Each week we’ll gather headlines and tips to keep you current with how generative AI affects PR and the world at large. If you have ideas on how to improve the newsletter, let us know!

What You Should Know

 

AI browser wars and the future of the internet

When Perplexity offered $34.5 billion for Google’s Chrome browser, many guessed it was a publicity stunt. That price is more than double the value of Perplexity, a company that made a similar bid to merge with TikTok back in January. 

Sam Altman chimed in that OpenAI would gladly buy Chrome as well if Google is forced to sell.

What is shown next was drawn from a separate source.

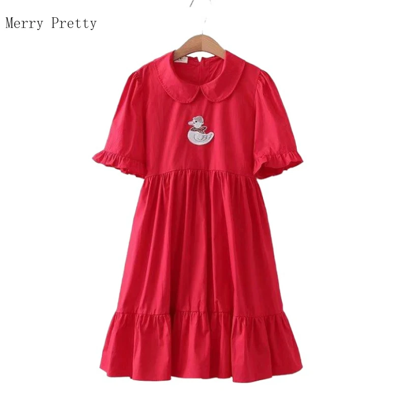 Платье трапециевидной формы с аппликацией утки из мультфильма; Сезон лето 2020 года; Плиссированное платье с рукавами-бабочками и воротником «Питер Пэн»; Милое стильное платье на шнуровке сзади

OpenAI is working on its own web browser, and this week, an engineer spotted a hint that it can be controlled by ChatGPT Agent

Breaking into the browser market has traditionally required distribution muscle, as Microsoft showed with Internet Explorer in the 90s and Google with Chrome in the 00s. Could ChatGPT’s 700 million weekly users be enough to make a dent? 

For Perplexity, whose Comet browser launched about a month ago, buying an existing user base makes a lot of sense, and offering double what their company is currently valued at shows how serious they might be. 

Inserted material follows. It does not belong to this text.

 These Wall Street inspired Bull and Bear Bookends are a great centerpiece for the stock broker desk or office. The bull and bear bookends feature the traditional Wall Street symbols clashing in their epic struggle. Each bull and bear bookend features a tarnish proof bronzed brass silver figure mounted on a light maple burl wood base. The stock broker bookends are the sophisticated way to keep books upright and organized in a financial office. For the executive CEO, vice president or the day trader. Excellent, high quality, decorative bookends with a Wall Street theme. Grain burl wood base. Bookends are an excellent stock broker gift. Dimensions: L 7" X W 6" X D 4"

The web is changing. AI search is supplanting traditional Google search. Zero-click searches are surging. Media are figuring out new business models less dependent on organic search traffic. Businesses are rethinking their content strategies. Everything that worked for years is quickly becoming less effective, if not obsolete. 

Browsers that send agents out onto the internet to research, plan, even buy on behalf of their users will change the way we communicate. Who is your website for? The human who skims, shares, and decides? Or the bot that extracts, synthesizes, recommends, and acts? 

It’s both, and it’s time to start thinking about how to ensure your messaging is cohesive across all platforms and your content is as optimized for AI bots as it is clear and resonant to humans. 

We’ll have to wait and see who controls Chrome when all the dust settles, but for now, all signs point to a more agentic web browsing experience in the coming years.

Elsewhere …

🗣️ The new “it’s not X, it’s Y”

What’s happening: The GPT-5 update has changed the way ChatGPT writes. It seems to have cut down on em dashes, the rule of three, and the “it’s not X, it’s Y” construction that were all hallmarks of 4o. But GPT-5 has its own tells.

Watch out for: Instead of “it’s not X, it’s Y,” GPT-5 flips it to “it’s Y, not X.” For example, “A go-to-market built for households, not headlines.”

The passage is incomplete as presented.